Perceptions: New Element of Doing Environmental Work

Mónica Ribadeneira Sarmiento (ELP 2014) | Prindex Regional Engagement Coordinator, Equador

During these past few months, we have heard everywhere and anytime, “Stay at home,"Quédate en casa," “Ficar em casa," “Bleiben Sie zuhause.” This message has been used in practically all languages during the COVID-19 pandemic. The current global health emergency that began at the end of 2019 has put practically all the health systems in the world in check (or checkmate, depending on the country) and forces us to think of new ways of living and doing our jobs.

But what if you do not have anywhere to stay? Or, what if you fear you will be asked about leaving the place you and your family call home?

These are two questions Prindex answered.

Prindex is the world’s first global survey measuring how secure people feel about being able to hold onto their land and property. It is a joint initiative between Global Land Alliance (GLA) and Overseas Development Institute (ODI) with the financial support from the UK Government’s Foreign, Commonwealth and Development Office (UK Aid) and the Omidyar Net.

Using a ground-breaking global perceptions survey, Prindex reveals the scale of land and housing insecurity around the world, who is likely to face housing insecurity, and why.

Nowadays, Prindex has a full, free and available dataset of 141 countries which means that it accounts for 96% of global information.
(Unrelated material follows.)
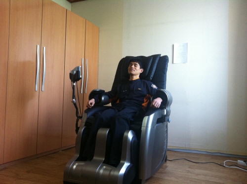 이 안마사가 피로가 누적된 직원들의 근육을 두드리거나 주물러서 혈액순환을 원활히 하고 육체피로를 경감시켜주어 밤낮 가리지 않고 화재 및 구조구급 출동을 하는 직원들은 더욱 더 주민들을 위해 발로 뛸 수 있게 되었습니다.

https://www.prindex.net/data/

It is generally understood that the importance of land tenure security for social and economic development and psychological wellbeing are connected. Prindex approached these concepts from an innovative and unusual perspective, people’s perceptions. It does it for these reasons:

  1. How people feel about their security on their land and about the desired effects of policies and programme matters is a step forward from the past key indicator of land tenure, documentation. Non-just lawyers have known for a long time that the two cannot always be equated.
  2. There is increasing evidence from behavioural economics that how people feel about something is what really determines how people behave and it is the key element for the decisions people make. Environmentalists know how relevant this aspect is to decisions that  jeopardize conservation goals.
  3. People's perception brings closer other relevant feelings for wellbeing, and that is known by everybody.

Prindex clearly identifies where insecurity is concentrated on the 6 inhabited continents and at national levels and what are the reasons for the insecurity perspective. Therefore, Prindex can help to reflect on how we can build a better world after the pandemic, beginning a global discussion on how land and housing rights can be strengthened for all people everywhere in order to build a world where everyone feels secure in their land and property rights.

Prindex is devoted to generating new public policies to drive the changes needed to make land and livelihoods more secure and productive and also provides an open data resource in order to:

  1. Influence change in design of national policies and programmes related to land 
  2. Monitor the impact of these policies and programmes using perception as intermediary measure of success; and,
  3. Contribute to track the UN’s Sustainable Development Goals and other development indicators, mainly 1.4.2  (Proportion of total adult population with secure tenure rights to land, with legally recognized documentation and who perceive their rights to land as secure, by sex and by type of tenure) and 5.a.1 (Woman´s ownership of agricultural land)

Up to now, two relevant reports on the findings of the survey are available too: the Global Comparative Report and the Report on Women’s Perceptions on Tenure Security.

Recently, the prestigious magazine The Economist had a cover story that delves into the complexities of securing property rights in developing countries, drawing on Prindex research and others (Available on: https://econ.st/3k7p8SR)

Academia community, governments, decisions makers, entrepreneurs, and civil society are invited to use Prindex information, and to consider perception as a new element to do our jobs in a post Pandemic scenario which can help to include an innovative perspective that can give our environmental jobs other dimensions and results.